[[ GIVEN DATA, beginning ]]

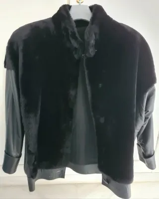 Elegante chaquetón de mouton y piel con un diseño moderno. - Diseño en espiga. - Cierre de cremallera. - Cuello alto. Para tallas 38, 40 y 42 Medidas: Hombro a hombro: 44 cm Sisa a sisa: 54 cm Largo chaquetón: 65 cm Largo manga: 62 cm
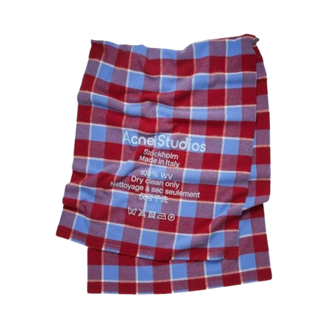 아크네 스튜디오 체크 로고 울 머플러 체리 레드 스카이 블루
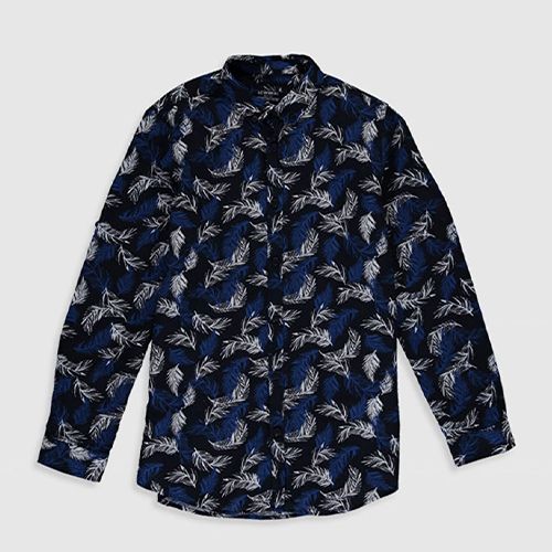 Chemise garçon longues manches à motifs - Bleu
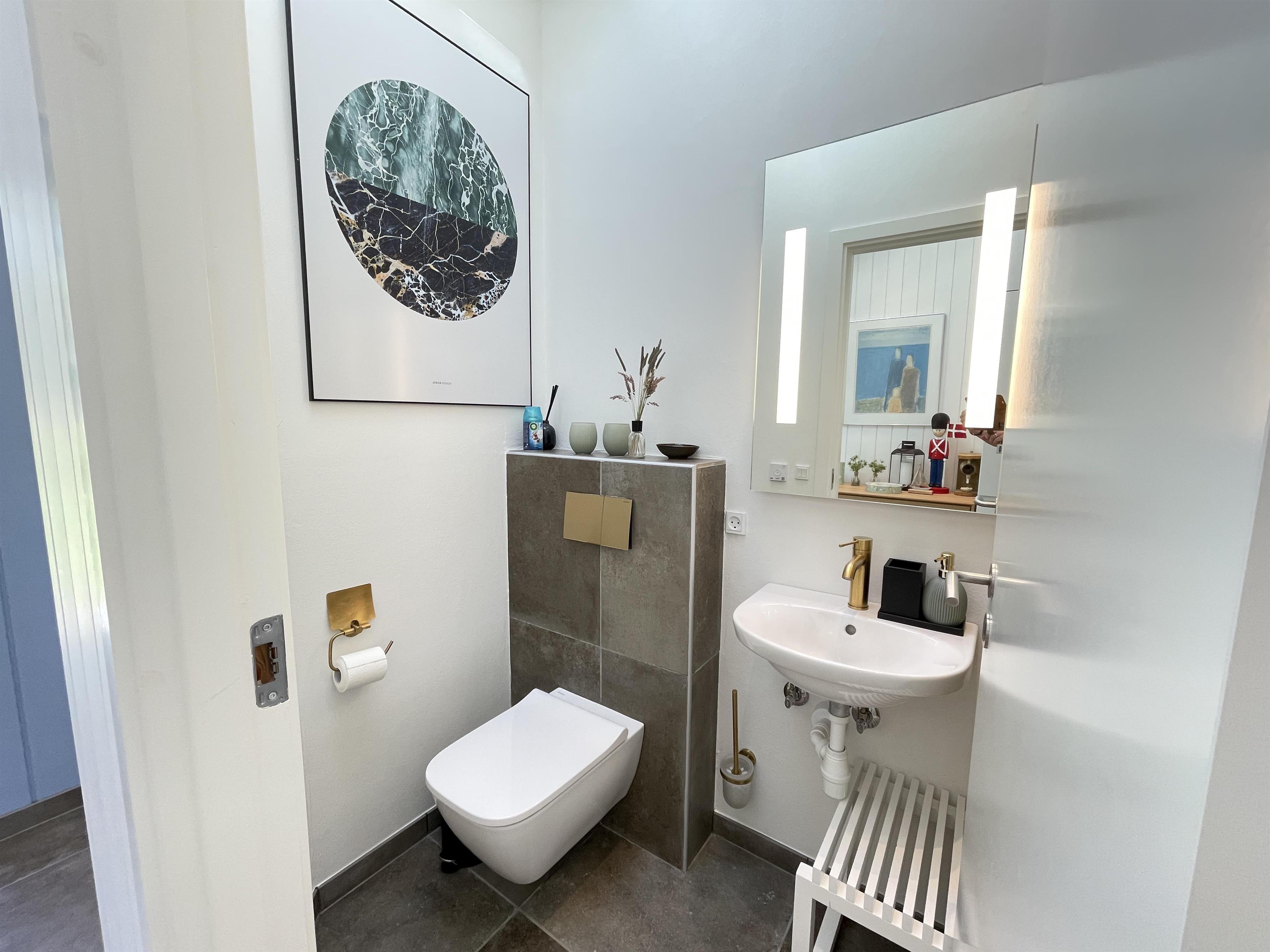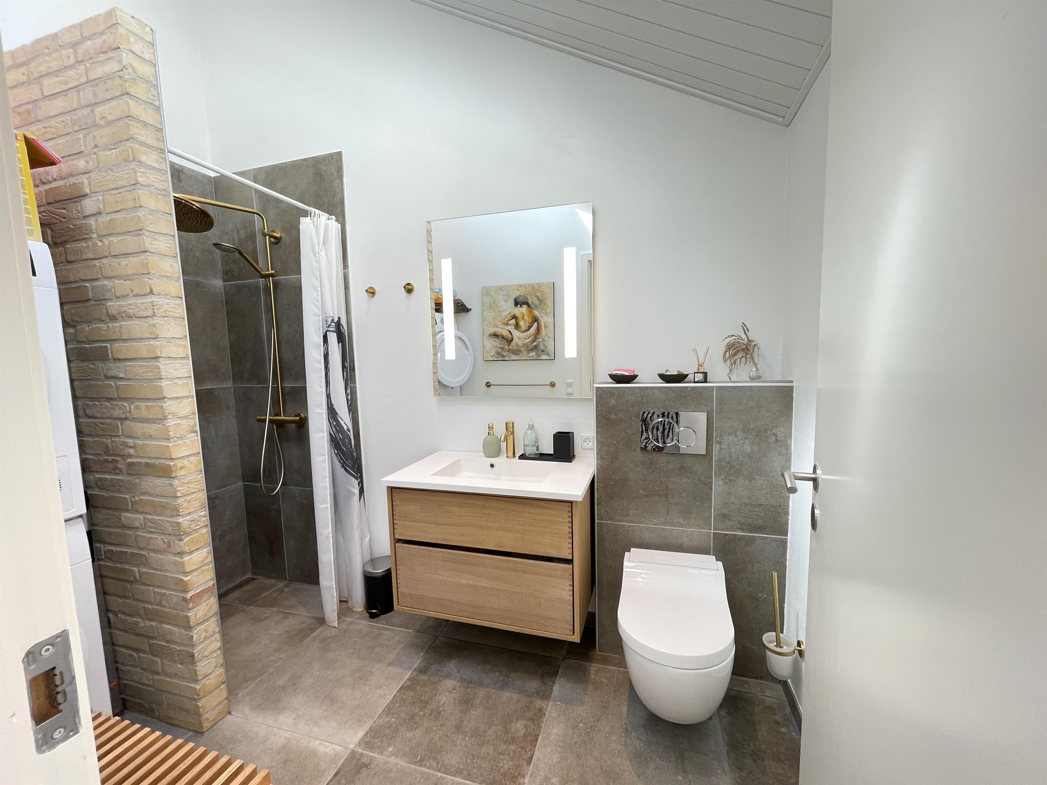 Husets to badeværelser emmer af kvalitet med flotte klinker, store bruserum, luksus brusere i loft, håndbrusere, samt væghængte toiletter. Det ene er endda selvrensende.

[[ GIVEN DATA, end ]]

### THE PROBLEM
Reproduce every line of the data above, exactly as it stands, but not the pictures.

### TASK RESULT
 Elegante chaquetón de mouton y piel con un diseño moderno. - Diseño en espiga. - Cierre de cremallera. - Cuello alto. Para tallas 38, 40 y 42 Medidas: Hombro a hombro: 44 cm Sisa a sisa: 54 cm Largo chaquetón: 65 cm Largo manga: 62 cm
 아크네 스튜디오 체크 로고 울 머플러 체리 레드 스카이 블루
 Chemise garçon longues manches à motifs - Bleu
 Husets to badeværelser emmer af kvalitet med flotte klinker, store bruserum, luksus brusere i loft, håndbrusere, samt væghængte toiletter. Det ene er endda selvrensende.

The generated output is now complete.